⟨
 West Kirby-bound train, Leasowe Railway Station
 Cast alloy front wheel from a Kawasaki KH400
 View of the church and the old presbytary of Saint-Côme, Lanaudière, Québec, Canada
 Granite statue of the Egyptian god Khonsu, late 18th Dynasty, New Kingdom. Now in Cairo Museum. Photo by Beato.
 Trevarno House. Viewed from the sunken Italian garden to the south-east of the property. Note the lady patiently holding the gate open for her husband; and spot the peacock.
⟩
⟨
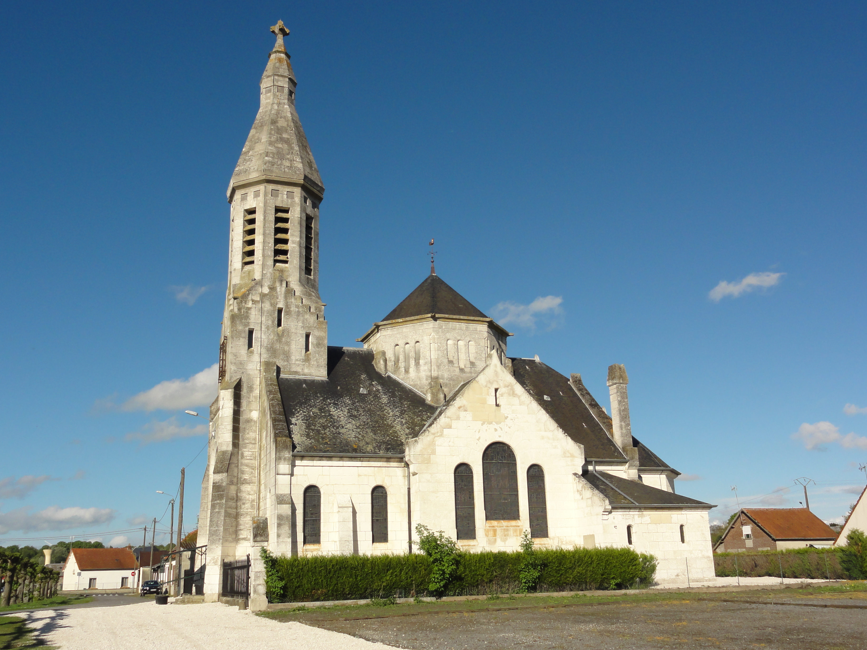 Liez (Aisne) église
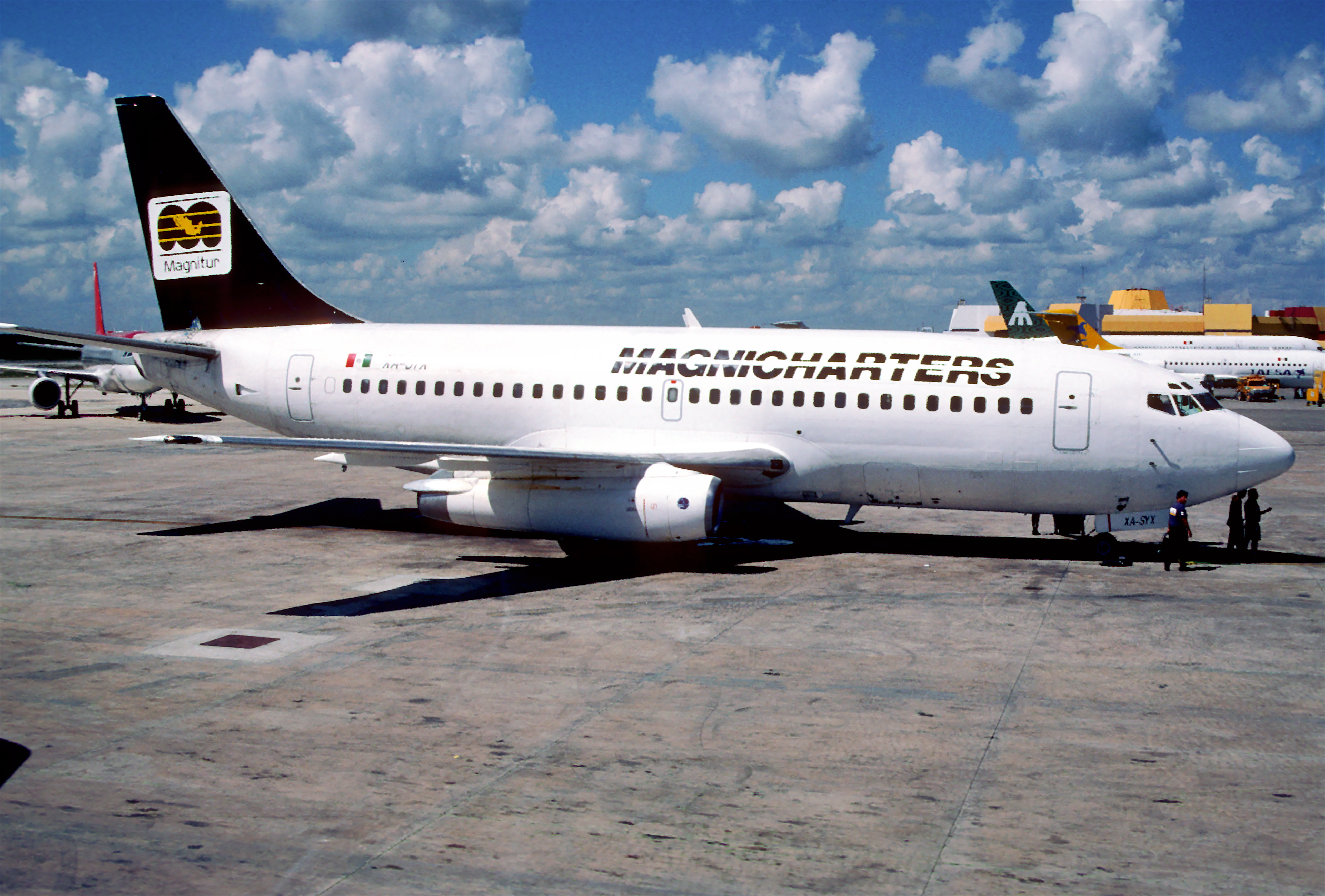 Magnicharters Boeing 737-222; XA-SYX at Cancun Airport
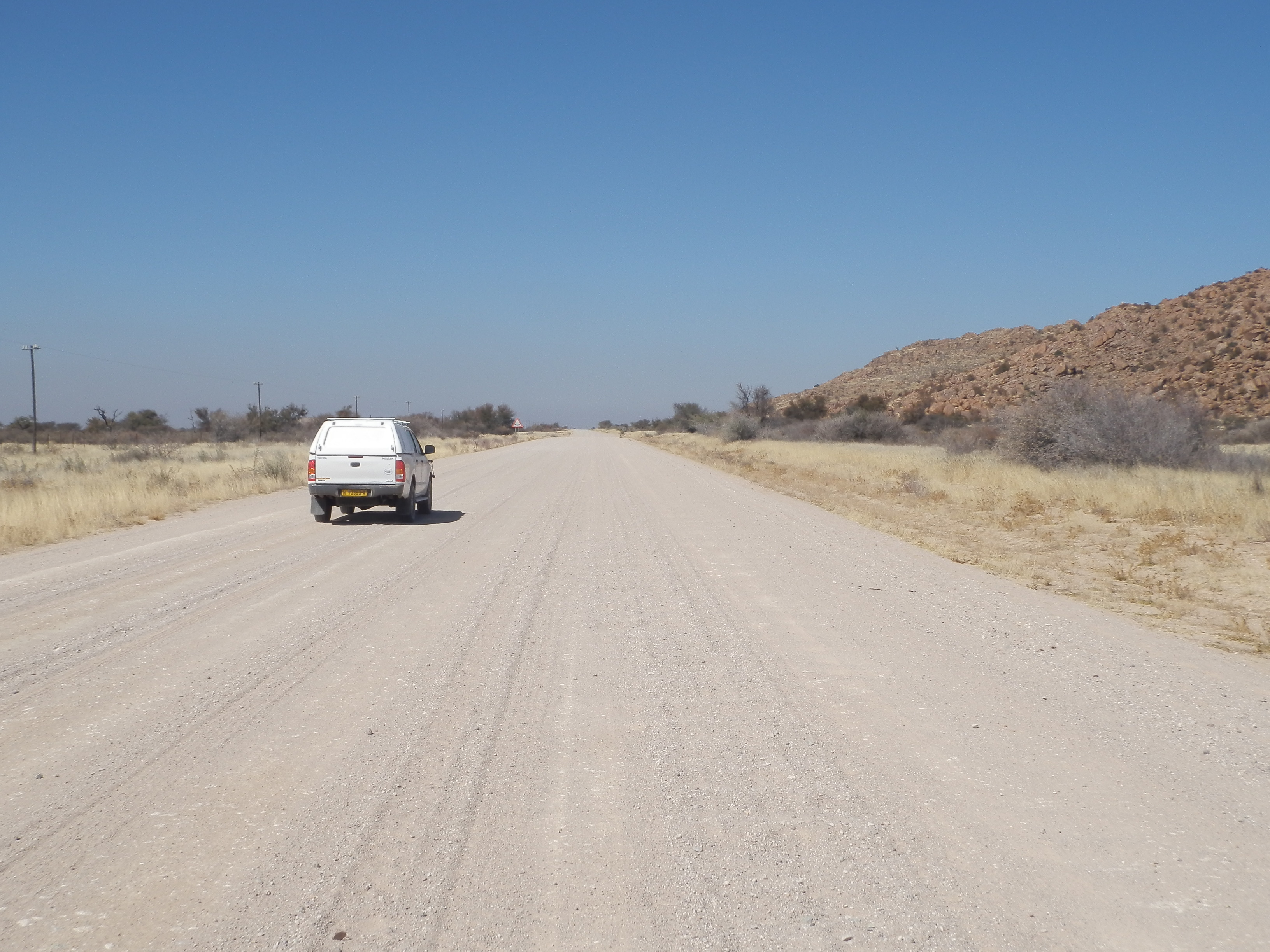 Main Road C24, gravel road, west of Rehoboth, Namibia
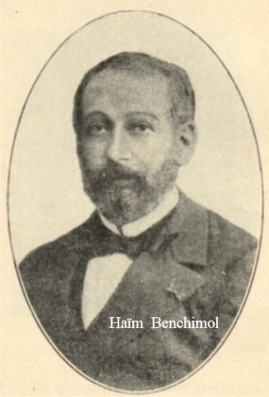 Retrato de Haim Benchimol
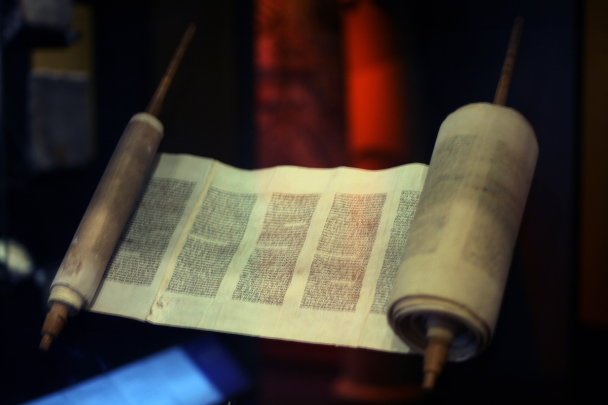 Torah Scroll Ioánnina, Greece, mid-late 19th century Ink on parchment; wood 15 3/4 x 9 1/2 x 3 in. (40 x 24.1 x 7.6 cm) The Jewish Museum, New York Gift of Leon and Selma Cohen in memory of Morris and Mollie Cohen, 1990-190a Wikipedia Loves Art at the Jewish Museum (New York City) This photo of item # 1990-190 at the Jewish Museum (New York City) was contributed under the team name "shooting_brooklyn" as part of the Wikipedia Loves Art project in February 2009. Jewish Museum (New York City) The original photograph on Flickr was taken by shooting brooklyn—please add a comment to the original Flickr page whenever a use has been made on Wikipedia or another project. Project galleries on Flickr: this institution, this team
⟩
⟨
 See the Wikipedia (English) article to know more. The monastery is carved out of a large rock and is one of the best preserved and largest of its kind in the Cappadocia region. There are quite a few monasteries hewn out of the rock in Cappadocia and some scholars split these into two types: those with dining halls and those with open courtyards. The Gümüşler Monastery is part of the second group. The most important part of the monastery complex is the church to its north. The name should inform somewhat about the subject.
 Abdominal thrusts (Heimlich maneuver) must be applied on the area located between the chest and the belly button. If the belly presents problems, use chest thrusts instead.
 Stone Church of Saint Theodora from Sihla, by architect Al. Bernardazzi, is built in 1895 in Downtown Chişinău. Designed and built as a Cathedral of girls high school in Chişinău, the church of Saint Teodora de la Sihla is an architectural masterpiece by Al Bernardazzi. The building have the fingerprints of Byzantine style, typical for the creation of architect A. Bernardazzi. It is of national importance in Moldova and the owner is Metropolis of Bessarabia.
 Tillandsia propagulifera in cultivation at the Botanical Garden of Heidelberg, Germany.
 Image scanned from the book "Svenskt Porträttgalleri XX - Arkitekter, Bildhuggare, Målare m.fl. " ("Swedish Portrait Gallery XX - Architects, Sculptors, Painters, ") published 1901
⟩
Exercise prompt: Above are the records. Print exactly, and only, the lines from the line with "West Kirby-bound train, Leasowe" to the line with "Trevarno House. Viewed", both inclusive.

Answer to this task:
 West Kirby-bound train, Leasowe Railway Station
 Cast alloy front wheel from a Kawasaki KH400
 View of the church and the old presbytary of Saint-Côme, Lanaudière, Québec, Canada
 Granite statue of the Egyptian god Khonsu, late 18th Dynasty, New Kingdom. Now in Cairo Museum. Photo by Beato.
 Trevarno House. Viewed from the sunken Italian garden to the south-east of the property. Note the lady patiently holding the gate open for her husband; and spot the peacock.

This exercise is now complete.